§ **What is being asked**
What are the lines of the listing below, word for word, from the first down to the one that contains "Welcome to our"?

§ **Data below**
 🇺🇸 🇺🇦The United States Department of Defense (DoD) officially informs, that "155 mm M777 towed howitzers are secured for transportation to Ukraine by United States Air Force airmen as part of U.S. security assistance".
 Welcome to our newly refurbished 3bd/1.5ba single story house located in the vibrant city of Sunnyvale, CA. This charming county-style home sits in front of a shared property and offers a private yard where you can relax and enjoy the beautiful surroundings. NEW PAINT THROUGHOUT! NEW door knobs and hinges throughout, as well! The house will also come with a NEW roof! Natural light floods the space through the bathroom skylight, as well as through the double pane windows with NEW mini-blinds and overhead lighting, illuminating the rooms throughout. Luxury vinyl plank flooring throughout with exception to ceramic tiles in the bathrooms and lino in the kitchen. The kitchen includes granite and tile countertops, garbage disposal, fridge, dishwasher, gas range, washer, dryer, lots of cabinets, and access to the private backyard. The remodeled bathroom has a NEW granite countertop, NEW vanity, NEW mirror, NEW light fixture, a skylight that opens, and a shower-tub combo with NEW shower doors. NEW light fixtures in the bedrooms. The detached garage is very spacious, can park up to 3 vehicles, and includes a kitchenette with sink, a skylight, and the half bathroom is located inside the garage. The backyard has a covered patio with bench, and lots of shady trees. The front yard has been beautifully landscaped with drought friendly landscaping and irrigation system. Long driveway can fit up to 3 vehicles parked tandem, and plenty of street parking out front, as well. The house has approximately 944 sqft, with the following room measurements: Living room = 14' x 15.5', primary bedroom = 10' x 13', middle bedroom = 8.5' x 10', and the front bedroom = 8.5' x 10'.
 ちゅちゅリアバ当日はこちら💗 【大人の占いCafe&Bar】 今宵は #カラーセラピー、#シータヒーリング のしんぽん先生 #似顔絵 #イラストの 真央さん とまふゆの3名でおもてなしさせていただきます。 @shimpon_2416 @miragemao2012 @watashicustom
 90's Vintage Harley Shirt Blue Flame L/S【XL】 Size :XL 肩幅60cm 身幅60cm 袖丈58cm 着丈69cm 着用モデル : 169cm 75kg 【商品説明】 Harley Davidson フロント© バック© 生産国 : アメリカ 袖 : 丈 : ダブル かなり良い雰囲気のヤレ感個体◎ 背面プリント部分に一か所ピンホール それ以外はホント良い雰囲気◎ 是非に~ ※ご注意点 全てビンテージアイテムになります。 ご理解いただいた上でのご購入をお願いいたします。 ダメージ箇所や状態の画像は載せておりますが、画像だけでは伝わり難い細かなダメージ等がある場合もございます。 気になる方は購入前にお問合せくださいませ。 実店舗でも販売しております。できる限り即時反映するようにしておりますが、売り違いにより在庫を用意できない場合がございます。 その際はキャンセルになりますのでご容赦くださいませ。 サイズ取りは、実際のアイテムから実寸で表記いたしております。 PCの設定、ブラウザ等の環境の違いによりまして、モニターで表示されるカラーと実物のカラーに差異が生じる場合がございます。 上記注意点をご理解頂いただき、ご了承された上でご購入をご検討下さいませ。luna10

§ **Answer section**
 🇺🇸 🇺🇦The United States Department of Defense (DoD) officially informs, that "155 mm M777 towed howitzers are secured for transportation to Ukraine by United States Air Force airmen as part of U.S. security assistance".
 Welcome to our newly refurbished 3bd/1.5ba single story house located in the vibrant city of Sunnyvale, CA. This charming county-style home sits in front of a shared property and offers a private yard where you can relax and enjoy the beautiful surroundings. NEW PAINT THROUGHOUT! NEW door knobs and hinges throughout, as well! The house will also come with a NEW roof! Natural light floods the space through the bathroom skylight, as well as through the double pane windows with NEW mini-blinds and overhead lighting, illuminating the rooms throughout. Luxury vinyl plank flooring throughout with exception to ceramic tiles in the bathrooms and lino in the kitchen. The kitchen includes granite and tile countertops, garbage disposal, fridge, dishwasher, gas range, washer, dryer, lots of cabinets, and access to the private backyard. The remodeled bathroom has a NEW granite countertop, NEW vanity, NEW mirror, NEW light fixture, a skylight that opens, and a shower-tub combo with NEW shower doors. NEW light fixtures in the bedrooms. The detached garage is very spacious, can park up to 3 vehicles, and includes a kitchenette with sink, a skylight, and the half bathroom is located inside the garage. The backyard has a covered patio with bench, and lots of shady trees. The front yard has been beautifully landscaped with drought friendly landscaping and irrigation system. Long driveway can fit up to 3 vehicles parked tandem, and plenty of street parking out front, as well. The house has approximately 944 sqft, with the following room measurements: Living room = 14' x 15.5', primary bedroom = 10' x 13', middle bedroom = 8.5' x 10', and the front bedroom = 8.5' x 10'.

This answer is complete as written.